Task brief:
Using the listing below, set down exactly the lines from the one that contains "仪式上,张祥安向学校赠送了别" through the one that contains "NEW SEASON. The", with no pictures.

==== Input records ====

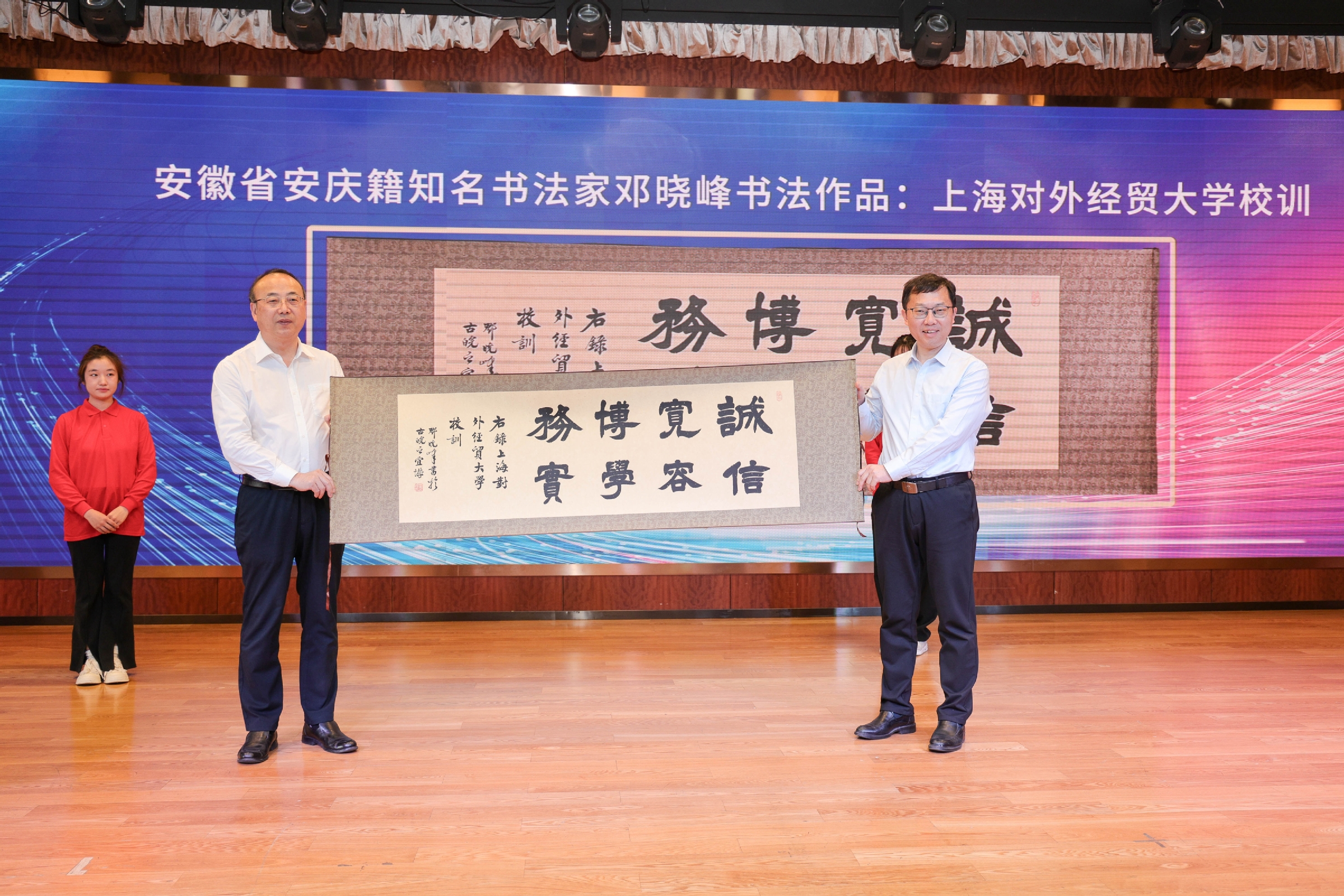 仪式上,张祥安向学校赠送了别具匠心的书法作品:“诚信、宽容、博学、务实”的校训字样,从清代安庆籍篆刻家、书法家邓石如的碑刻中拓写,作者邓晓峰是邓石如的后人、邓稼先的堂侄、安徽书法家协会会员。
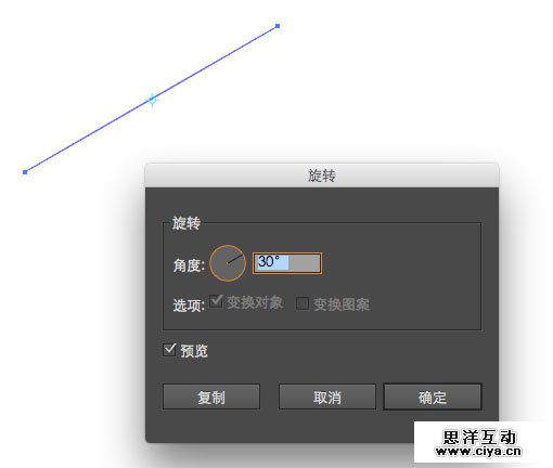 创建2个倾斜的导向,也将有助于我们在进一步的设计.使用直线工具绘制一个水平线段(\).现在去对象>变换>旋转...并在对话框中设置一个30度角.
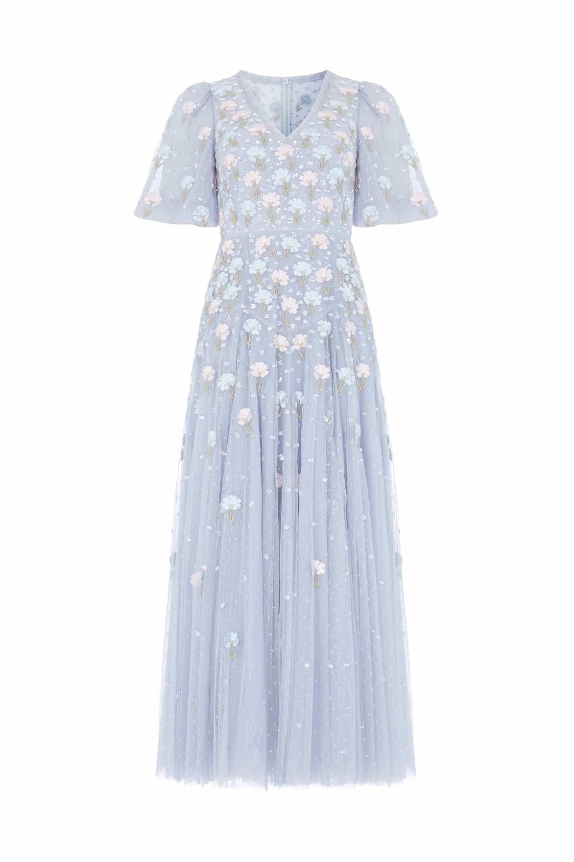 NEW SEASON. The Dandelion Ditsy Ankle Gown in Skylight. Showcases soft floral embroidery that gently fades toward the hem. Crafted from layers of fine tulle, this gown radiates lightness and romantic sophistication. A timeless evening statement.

====
==== Input records ====

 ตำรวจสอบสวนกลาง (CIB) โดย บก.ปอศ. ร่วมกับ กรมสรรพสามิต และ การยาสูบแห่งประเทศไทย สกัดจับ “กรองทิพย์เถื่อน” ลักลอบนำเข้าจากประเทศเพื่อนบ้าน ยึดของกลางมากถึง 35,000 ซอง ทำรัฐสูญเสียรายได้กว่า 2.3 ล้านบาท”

====
==== Input records ====

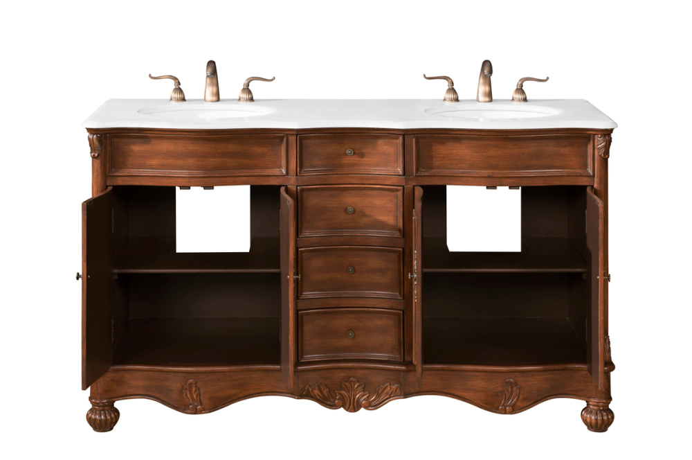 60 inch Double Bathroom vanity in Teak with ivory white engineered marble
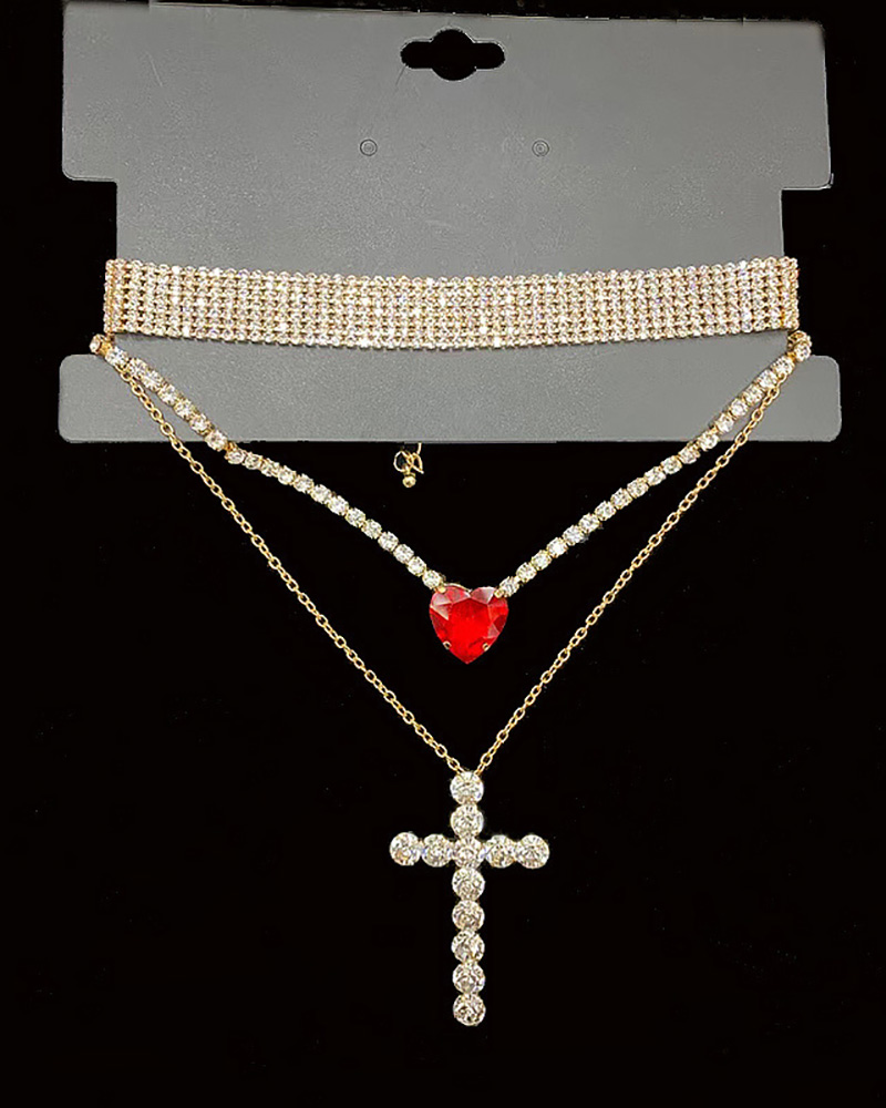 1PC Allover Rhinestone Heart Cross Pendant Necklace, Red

====

Response area:
 仪式上,张祥安向学校赠送了别具匠心的书法作品:“诚信、宽容、博学、务实”的校训字样,从清代安庆籍篆刻家、书法家邓石如的碑刻中拓写,作者邓晓峰是邓石如的后人、邓稼先的堂侄、安徽书法家协会会员。
 创建2个倾斜的导向,也将有助于我们在进一步的设计.使用直线工具绘制一个水平线段(\).现在去对象>变换>旋转...并在对话框中设置一个30度角.
 NEW SEASON. The Dandelion Ditsy Ankle Gown in Skylight. Showcases soft floral embroidery that gently fades toward the hem. Crafted from layers of fine tulle, this gown radiates lightness and romantic sophistication. A timeless evening statement.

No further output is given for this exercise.